3. Log Errors Appropriately

import logging

# Configure structured logging
logging.basicConfig(
    level=logging.INFO,
    format='%(asctime)s - %(name)s - %(levelname)s - %(message)s'
)

logger = logging.getLogger(__name__)

try:
    result = client.create_embeddings(texts)
except PulseAPIError as e:
    logger.error(
        "API error occurred",
        extra={
            'status_code': e.status,
            'error_code': e.code,
            'message': e.message,
            'request_id': e.aws_request_id,
            'url': 'create_embeddings'
        }
    )
except Exception as e:
    logger.exception("Unexpected error occurred")

4. Monitor Error Rates

from collections import defaultdict
import time

class ErrorMonitor:
    def __init__(self, window_size=300):  # 5 minute window
        self.window_size = window_size
        self.errors = defaultdict(list)

    def record_error(self, error_type):
        now = time.time()
        self.errors[error_type].append(now)

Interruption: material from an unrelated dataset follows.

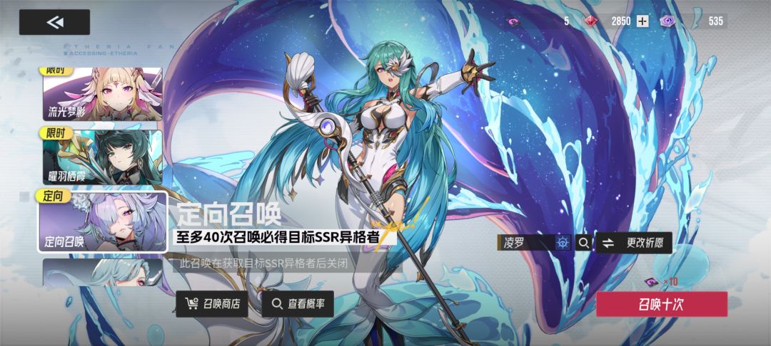 这游戏无论是哪种开局思路,新手定向池一定要留到后面抽,因为这个卡池40抽一定出指定角色,所以用来补配队是非常重要的。

        # Clean old errors
        cutoff = now - self.window_size
        self.errors[error_type] = [t for t in self.errors[error_type] if t > cutoff]

    def get_error_rate(self, error_type):
        return len(self.errors[error_type]) / (self.window_size / 60)  # errors per minute

    def should_alert(self, error_type, threshold=5):
        return self.get_error_rate(error_type) > threshold

This comprehensive error recovery guide provides you with the tools and knowledge to handle any error scenario when using the Pulse SDK. Remember to always check the error category first, then apply the appropriate recovery strategy based on whether the error is transient or permanent.